> **INFORMATION PROVIDED**:

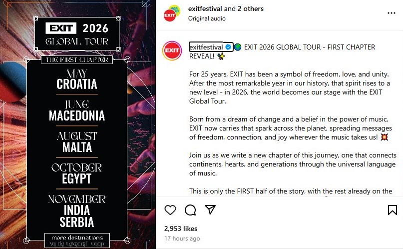 Познатиот регионален фестивал „Егзит“ (EXIT) објави дека, во рамки на својата светска турнеја „EXIT Global Tour“, следната година ќе се одржи во повеќе земји, меѓу кои и Македонија. Според објавата на официјалниот Инстаграм профил на „Егзит“, првите дестинации за 2026 Exit Global Tour година се Египет, Индија, Малта, Хрватска, Македонија и Србија.
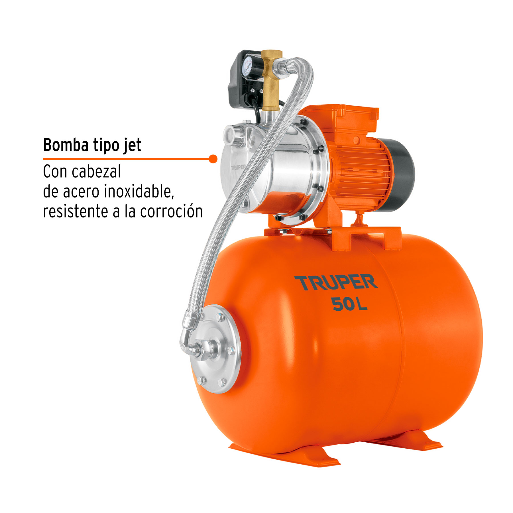 Equipo hidroneumático 50L, bomba jet inox. 1 HP, TRUPER
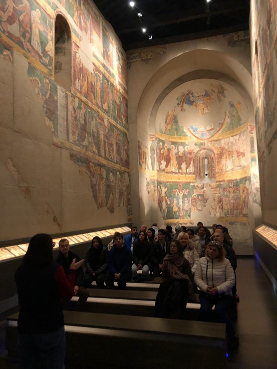 Durante la visita cultural, los 25 asistentes disfrutaron de las explicaciones y de la contemplación de parte del rico patrimonio de nuestra ciudad. Para la mayoría de ellos, era una actividad nueva. Fue una tarde diferente en la que pudieron aproximarse al conocimiento del románico y al hecho de que Jaca es una gran privilegiada por ser primera capital del Reino de Aragón y por tener la primera Catedral románica de la península para algunos autores. En su Museo, pudieron comprender la labor conservadora de la diócesis así como cuestiones tan interesantes relativas a la técnica del strappo, y cómo diferenciar la estética románica de la gótica a partir de la imaginería mariana. También aprendieron la importancia del Capitel del Rey David y los Músicos y lo que representa para la historia de la música.

> **EXERCISE**: Reprint the whole listing above exactly, taking out the pictures.

> **RESPONSE TO THE EXERCISE**:
 Познатиот регионален фестивал „Егзит“ (EXIT) објави дека, во рамки на својата светска турнеја „EXIT Global Tour“, следната година ќе се одржи во повеќе земји, меѓу кои и Македонија. Според објавата на официјалниот Инстаграм профил на „Егзит“, првите дестинации за 2026 Exit Global Tour година се Египет, Индија, Малта, Хрватска, Македонија и Србија.
 Equipo hidroneumático 50L, bomba jet inox. 1 HP, TRUPER
 Durante la visita cultural, los 25 asistentes disfrutaron de las explicaciones y de la contemplación de parte del rico patrimonio de nuestra ciudad. Para la mayoría de ellos, era una actividad nueva. Fue una tarde diferente en la que pudieron aproximarse al conocimiento del románico y al hecho de que Jaca es una gran privilegiada por ser primera capital del Reino de Aragón y por tener la primera Catedral románica de la península para algunos autores. En su Museo, pudieron comprender la labor conservadora de la diócesis así como cuestiones tan interesantes relativas a la técnica del strappo, y cómo diferenciar la estética románica de la gótica a partir de la imaginería mariana. También aprendieron la importancia del Capitel del Rey David y los Músicos y lo que representa para la historia de la música.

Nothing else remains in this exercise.